As for this book, the fact that it repeats the usual bizarre stereotype of Xenophon doesn't inspire me to read it.
Roderick T. Long, Auburn, Alabama
After Socrates, the West could no longer go back to the world of the myth. He laid the foundation for the way we live and speak today: logic, ethics, even the very possibility of speaking abstractly about universal concepts.
Throughout his writings he underscores the fact that truth is the same for all humanity, not just Athenians. He was the first to distinguish truth from power, and to insist on the priority of truth. And yes, he got a lot of people mad.
His parable of the cave (Republic, Book VII) covers only a few pages, yet is the most profound commentary to this day on life and appearances versus reality. It even has television! Google it an read it in ten minutes. Pass it on.

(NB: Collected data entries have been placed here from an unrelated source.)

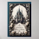 A beautiful romantic fairytale castle surrounded by an ornate from and pale ivory flowers.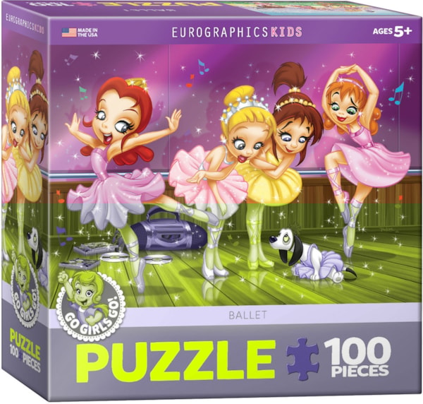 Get ready to dance with this Eurographics "Ballet" puzzle. This 100-piece puzzle captures a delightful scene of four aspiring ballerinas and their adorable dog companion. Set in a sparkling dance studio, the puzzle's vibrant colors and fun illustration will inspire any young dancer to "Go Girls, Go!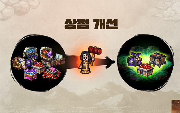 상점은 개선 사항 중에서 가장 어려운 부분으로, 현재 상품이 ‘바람의나라: 연’과 맞지 않아 개선을 하게 됐다. 김동현 디렉터는 “인게임 가치를 잘 지켜내지 못했다”며, “상품을 구매한 수행자들에게 아쉬움이 남지 않도록 조정하다 보니 모든 수행원들에게 만족감을 주기 어려웠다”고 토로했다.

Frankly, I don't care what he looked like.
Chris, Virginia, USA
GET THE BIG PICTURE-WHAT WESTERN CULTURAL ICON HAS NOT BEEN TRASHED-who is the stupidest character in most TV commercials etc etc
are you being used and not know it-to some degree for sure
will fight
will fight, houston, tx
The review (I don't know about the book) omits the fact that one of the main reasons for Socrates' Athenian unpopularity was his tacit support of his former student Alcibiade's murderous purge of the democratic ranks when his aristocratic party took power. Socrates hated democracy, which he considered a government of and by fools. When Alcibiades carried out his killings of democrats, Socrates did not criticize him, but in his own words did nothing more than "go home," washing his hands of the whole thing.

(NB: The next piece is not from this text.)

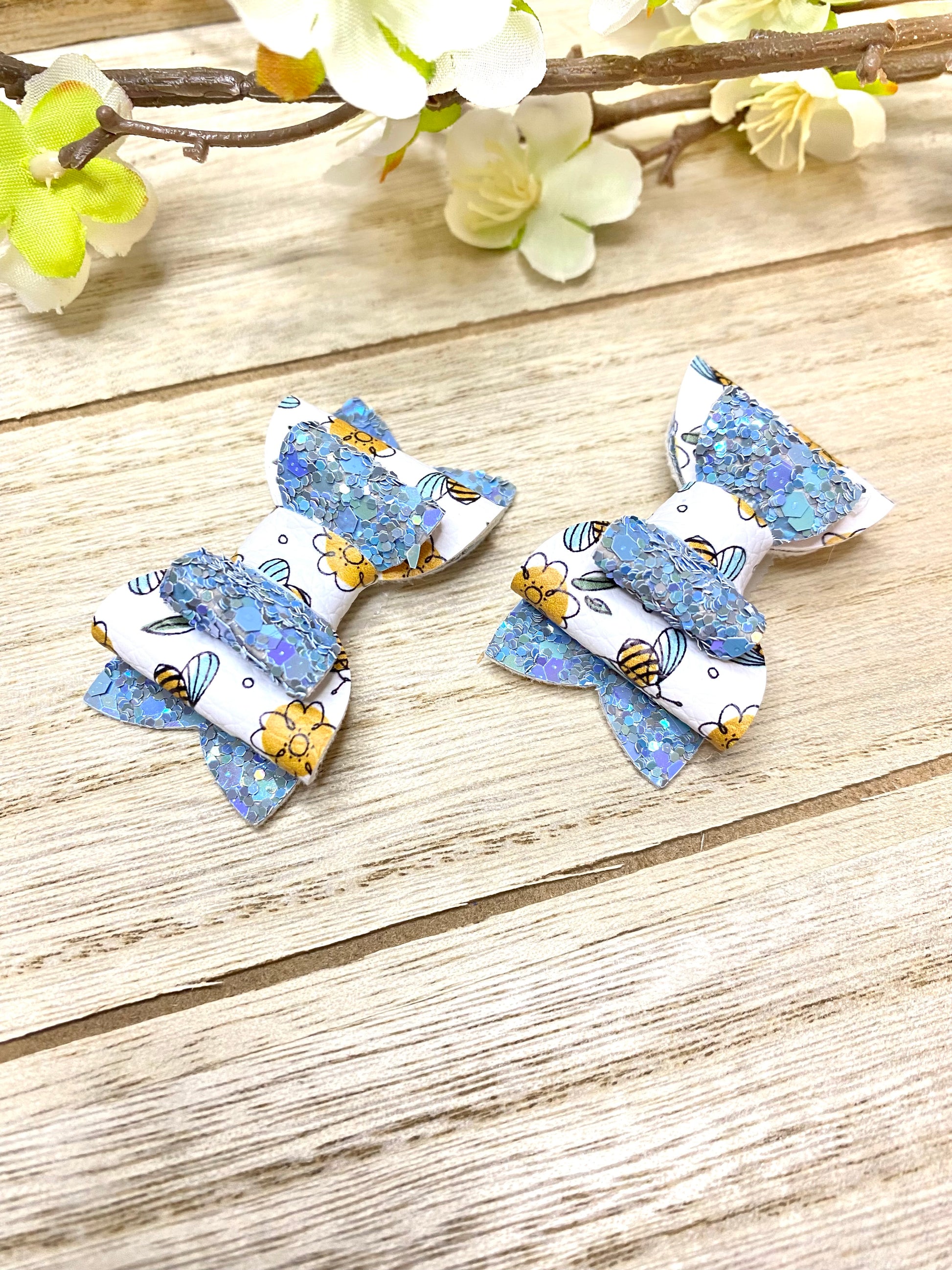 This hand made hair bow is made out of vegan leather. This bow size is 2” wide.

Charles Zigmund, Katonah, NY, USA
If you get enough responses to your doubt to keep a tally, count me among those who knew the tale, exactly as reported in the second sentence of the review: at a convent boarding school, 1940's.
BG Thorpe
Blue Hill, Maine
BG Thorpe, Blue Hill, Maine
I have always said that Socrates was an old fraud with a crazy press agent who had been convinced that the hemlock was really going to be blowfish toxin and after he seemed to rise from the dead would be proclaimed a god, thus making his execution not merely justified, but one of the greatest practical jokes in history, as evidenced by the famous painting of the executioner handing him the cup while hiding his face so Socrates could not see him laughin.

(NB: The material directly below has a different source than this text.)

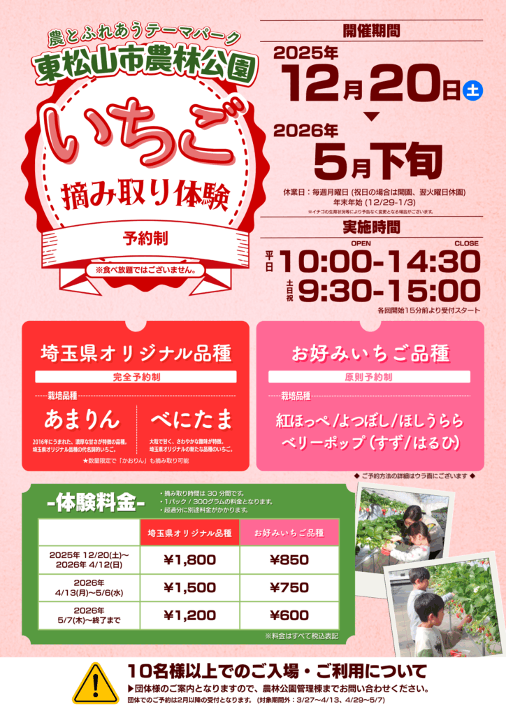 毎年大好評をいただいている東松山市農林公園の「いちご摘み取り体験」が、12/20(土)から開始となります。

Now if only Plato had been given a dose of it at the same time...
Charles Cosimano, Waukesha, USA
Martha Nussbaum makes the point that The Clouds might be an accurate portrait of Socrates' philosophy in her excellent article "Aristophanes and Socrates on Learning Practical Wisdom." Yale Classical Studies (1980), 26:43-87.
Tom Maxwell, Venice, CA
I haven't read the book, so I'm guessing here, but I might buy it just to see if the improbable claim can be justified that the Clouds can provide an excellent introduction to the philosophy of Socrates. It sounds as likely as that the Frogs could be the ideal introduction to the plays of Aeschylus and Euripides. Aristophanes may well have had serious points to make in those plays, but they are comedies and so no one in their right mind would take them at face value. Aristophanes isn't really presenting Socrates as a fraudulent word-chopper in the Clouds.
Also, I doubt whether there was ever a time when all, or even the majority of school children (even if we limit it to British ones) knew the tale of the death of Socrates.